Mi trovo in piazza Ferrarese a Bari. È un momento di grande movimento di persone. E dietro di me cammina una famiglia, composta da genitori e tre fratellini. Il più piccolo di questi viaggia nel suo passeggino. Il padre si rivolge al più grande e gli dice: “Da’ una mano al tuo fratellino”. Forte e chiara suona la risposta: “No”.
Ieri stavo seguendo un documentario in TV., di una leonessa
e i suoi cinque cuccioli. Si raccontava la loro storia, dalla nascita all’età
adulta. La mia attenzione è stata catturata dal rapporto di gioco e comune
toccamento tra la madre e i cuccioli e i cuccioli tra di loro. “Perché tra di
loro non c’è il “No” che ho visto tra cuccioli d’uomo?” Faccio la domanda a un gruppo
di amici. Susy mi risponde: I cuccioli della leonessa sono nati insieme. I fratellini
no. E quindi scatta in loro l’invidia.
L’Invidia di che cosa? Che cos’è l’invidia? Si potrebbe chiamare gelosia? Se lo chiedessi ai tre bambini, probabilmente il più grande potrebbe dirmi qualche cosa. Sarebbe una risposta esistenziale, tipo:” pensi sempre a lui!”. E cose simili. Ho trovato questa situazione negli adulti.
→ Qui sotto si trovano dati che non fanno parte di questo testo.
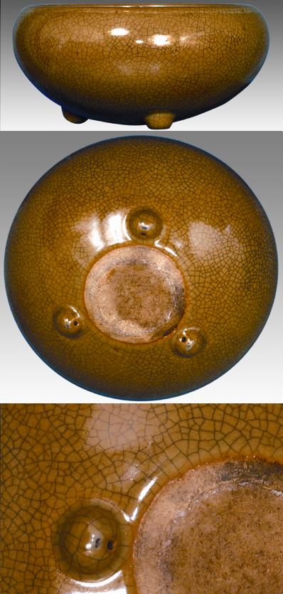 圖2、雍正景德鎮(zhèn)窯茶葉末哥釉乳足爐:器型為斂口圓弧腹?jié)u收,底承半圓狀三乳足,口徑24厘米,腹徑27.6厘米,高12.8厘米,足距10.2厘米,內(nèi)外施鱔魚黃茶葉末釉,釉色黃中泛綠似鱔魚皮,釉面勻凈肥厚、失透,起桔皮似的皺紋,并顯現(xiàn)出油膩酥光似的古舊膩光,通體片紋交織,粗紋呈墨色,紋路長縱橫全爐。細(xì)紋開片較短,顯淺紅色,形如冰裂狀,十分光潤,精美異常。外底無釉,隱約有旋紋,足端三乳足渾圓飽滿,器口施一圈醬黃釉,以示“紫口鐵足”。此爐造型淳樸、制作規(guī)整、釉色古雅,實(shí)屬雍正廠官釉之上品。

Per esempio nella donna che vive continuamente l’essere tradita dal marito. Ogni giorno, ogni uscita. Sempre. E che significato può avere? Si capisce subito che non è un problema di gelosia. Né quella detta “normale”, propria delle coppie, né quella un po’ più seria tra persone che dubitano del proprio rapporto.
L’invidia nasconde un contenuto importante e serio. Dice che
mi manca qualche cosa per essere me stesso. E il rapporto con l’altro lo sento
essenziale per ricuperare ciò che mi manca. Fisicamente mi può mancare un arto,
l’organo genitale, perché non mi sono stati riconosciuti. Ogni volta che pongo
la mano per prendere un oggetto, vengo colpito. Se mi tocco, non ne parliamo.
Se voglio intrufolarmi tra quel posto sotto sotto la gola di mamma, guai a me. Le
cose sono molto più serie di queste brevi frasi. E’ successo qualche cosa nella
prima infanzia che mi ha ferito, o meglio, traumatizzato, tale che ha bloccato
il mio reale sviluppo. Significa che quella parte di me che doveva maturare in
quel momento, non ha raggiunto il suo scopo.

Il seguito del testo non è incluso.